AOL has 10 million subscribers. What ADL wants is to have AOL include software set to block the ADL list, knowing that most neophytes will never know they are blocked or figure out how to unblock access. Thus the key issue is whether ADL can reach a deal with AOL blocking right wing sites as the default option. Note also the fact that Fletcher and his editors somehow instinctively and reflexively know to use a well worn propaganda technique to set the proper emotional tone at the beginning of their NEWS article. The crude image of Klan hangings is used to justify the private censorship effort of ADL. In fact, the ADL is interested in blocking access to the intellectual sites, not the crude ones! Many of the crude sites are run by liberals trying to discredit us. This is just one more example of how ADL gains control of the media.

Yggdrasil


Oct. 24, 1997

Web sees hate sites spread

· As alarm rises, however, free-speech activists worry about proposed cures

BY MICHAEL FLETCHER

The Washington Post

WASHINGTON - If a contestant misses a word while playing the online version of the game hangman on a Ku Klux Klan Web site, he gets to hang "Leroy," an African American figure.
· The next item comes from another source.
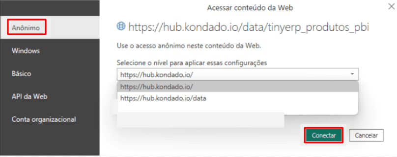 3. Na seleção da fonte de dados, escolha a opção Web e clique em Conectar
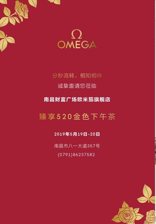 活动内容 【感恩回馈】活动期间部分表款低至3.5折起 【腕表保养】外观保养、洗油均享8折,PT牛皮表带7折、鳄鱼皮表带8折 【惊喜福利】活动期间品牌高端腕表鉴赏,并有丰富节目邀您共度精彩时光 【好礼不停】当天会员到店即享名表节定制会员礼一份 【神秘大奖】当天到店会员可参与抽取腕表大奖 5月19日-5月20日 欧米茄金色下午茶

After the lynching, the computer screams: "You win!"

Another site on the World Wide Web promotes the fictional notion that the Holocaust never occurred. "Did six million die?" it asks.

Still another Web site proclaims that Jews are "the anti-Christ," the result of a union between Eve and Satan. Another resurrects the ridiculous tale, popular in 19th century Europe, that Jews use the blood of Christian children as an ingredient in matzo.
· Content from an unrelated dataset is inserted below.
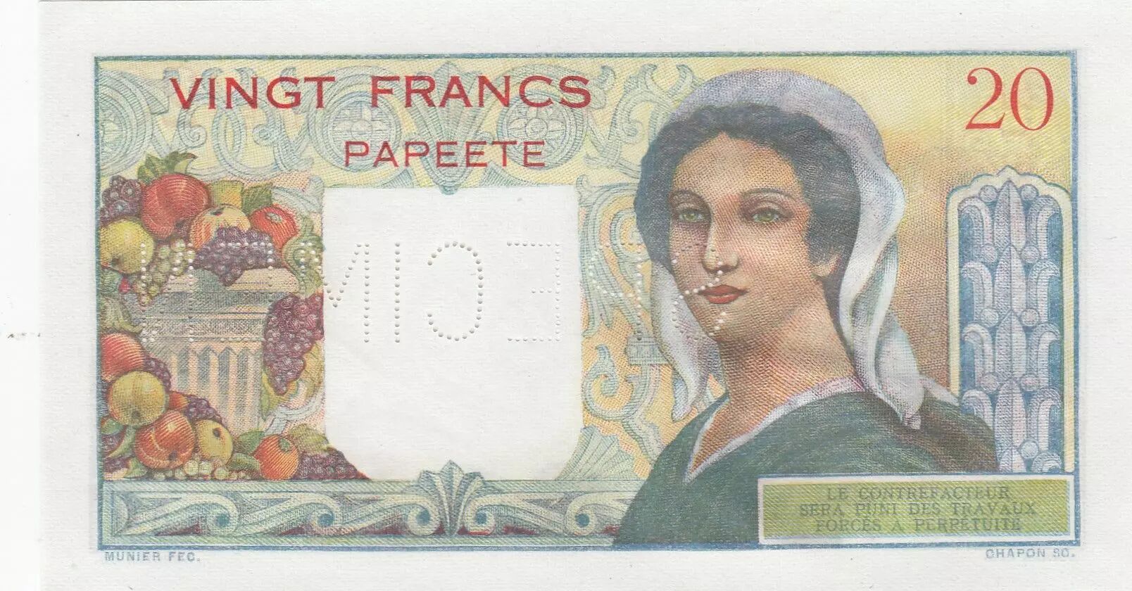 Banknote Tahiti 20 Francs Young farmer - ND (1951) - Specimen P.21

Those are a small part a fast growing phenomenon cited in a new Anti-Defamation League report on the use of the Internet by racist and other hate groups to spread their messages and recruit supporters.

The ADL says there are 250 hate sites on the World Wide Web, a figure that has more than doubled in the past year.

While racist and separatist groups have long distributed their propaganda using everything from fliers and newspapers to radio shows and public access cable, the ADL says the Internet represents a more ominous threat because of its revolutionary low cost and global reach.

"Shrewd bigots of all kinds are rushing to use the enormous power of this new communications medium, and we must match and surpass them," said Abraham Foxman, the ADL's national director. "We must continue to expose them, to hold them up to public scrutiny and to counter their messages of hate."

The ADL says children are especially vulnerable to these materials because they are more likely to accept them as fact.

How to combat hate on the Internet is a problem the ADL is struggling to solve. Most speech on the Internet is protected by the First Amendment, putting it out of reach of lawmakers. Also, many Internet access providers are reluctant to censor materials voluntarily, for fear of the unending demands that would no doubt surface.

"We have people who say 'Tom Sawyer' and 'The Adventures of Huckleberry Finn' ought not be in the library," said Dennis Van Roekel, a National Education Association official who spoke at an ADL panel Tuesday on hate on the Internet.

ADL is working with America Online to develop software that would allow people to filter out hate sites.

"There is nothing wrong with brand-name filtering software," said Christian Wolf, a lawyer working with ADL to monitor objectionable material on the Internet. "If you don't like ADL's view of the world, you don't have to use our software."

The idea of software filters does not sit well with free-speech advocates. Barry Steinhardt, associate director of the American Civil Liberties Union, said any type of censorship is something the ACLU will watch closely.

"We of course have always believed that the best response to bad speech is more speech," he said. "We applaud the ADL for bringing to light what they view as hate speech and for responding to it.... (But) we are waiting to see precisely how the ADL software is to work and what their alliance with America Online will be."